Summary: The purpose of this study was to investigate the physiological characteristics of Fédération Internationale de Football Association (FIFA) eligible international female
soccer players aged 14-36 years and to determine if measures were significantly different for players selected (i.e., starters) to the starting line up for an FIFA tournament as compared with
those not selected (i.e., nonstarters). Fifty-one (N = 18 Under 17; N = 18 Under 20; N = 15 Senior) international female soccer players participated in this study. The subjects underwent
measurements of anthropometry (height and body mass), lower body strength (isokinetic testing), sprint kinetics and kinematics (nonmotorized treadmill), leg power (unilateral jumping), and
maximal aerobic velocity (30:15 intermittent fitness test) during the final preparatory stage for an FIFA event. Outcomes of the age group data indicate that differences in physiological
capacities are evident for the Under 17 players as compared with those for the Under 20 and Senior capped international players, suggesting a plateau in the acquisition of physical qualities as
players mature. Starters tended to be faster (effect size [ES] = 0.55-1.0, p < 0.05) and have a higher maximal aerobic velocity (ES = 0.78-2.45, p < 0.05), along with greater eccentric leg
strength (ES = 0.33-1.67, p < 0.05). Significant differences were detected between starters and nonstarters for isokinetic leg strength (ES = 0.54-1.24, p < 0.05) and maximal aerobic
velocity (ES = 0.87, p < 0.05) for Under 17 players, where maximal aerobic velocity was the primary difference between starters and nonstarters (ES = 0.83-2.45, p < 0.05) for the Under 20
and Senior players. Coaches should emphasize the development of speed, maximal aerobic velocity, and leg strength in developing female soccer players.
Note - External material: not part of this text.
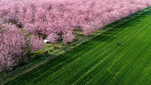3月11日拍攝的西安市鄠邑區(qū)甘河街道丁村的梅花種植園(無人機照片)。(新華社記者 鄒競一 攝)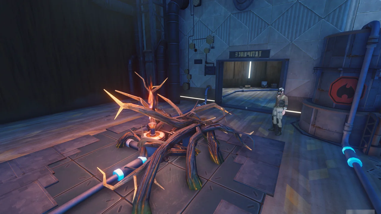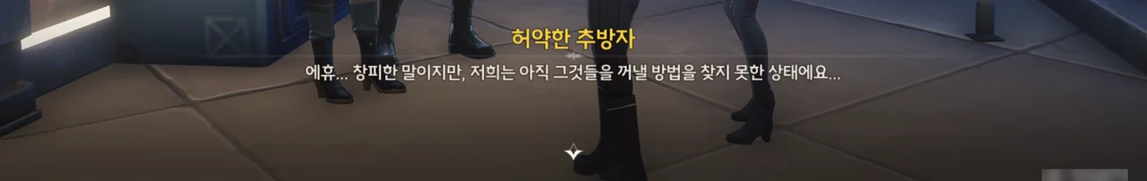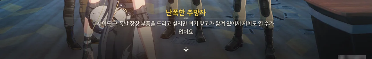 추방자가 폭발 장창 부품을 내주고 싶어도, 창고의 자물쇠가 일종의 테스트를 거쳐야 열 수 있도록 되어 있어 부품을 줄 수 없다고 말한다.

#7 Concussions and heading in soccer: A review of the evidence of incidence, mechanisms, biomarkers and neurocognitive
outcomes
Authors: Maher ME, Hutchison M, Cusimano M, Comper P, Schweizer TA.
Reference: Brain Inj. 2014 Jan 29. [Epub ahead of print]
Summary: Soccer is currently the most popular and fastest-growing sport worldwide. Similar to many sports, soccer carries an inherent risk of injury, including concussion. Soccer
is also unique in the use of 'heading'. The present paper provides a comprehensive review of the research examining the incidence, mechanisms, biomarkers of injury and neurocognitive outcomes of
concussions and heading in soccer. Seven databases were searched for articles from 1806 to 24 May 2013. Articles obtained by the electronic search were reviewed for relevance, with 229 selected
for review. Ultimately, 49 articles met criteria for inclusion in the present review. Female soccer players have a higher incidence of concussions than males. The most frequent injury mechanism
is player-to-player contact for both genders. Few studies examined the effects of concussion in soccer players; however, neurocognitive outcomes were similar to those reported in the larger sport
concussion literature, while the effect of heading is less clear. Despite variation in research designs and study characteristics, the outcomes of concussions in soccer align with the greater
concussion literature. This review makes recommendations for future research to increase standardization of research for improved understanding of concussions in soccer as well as the effects of
heading.
#8 Salivary IgA response and upper respiratory tract infection symptoms during a 21-week competitive season in young soccer
players
Authors: Moreira A, Mortatti AL, Arruda AF, Freitas CG, de Arruda M, Aoki MS.
Reference: J Strength Cond Res. 2014 Feb;28(2):467-73. doi: 10.1519/JSC.0b013e31829b5512.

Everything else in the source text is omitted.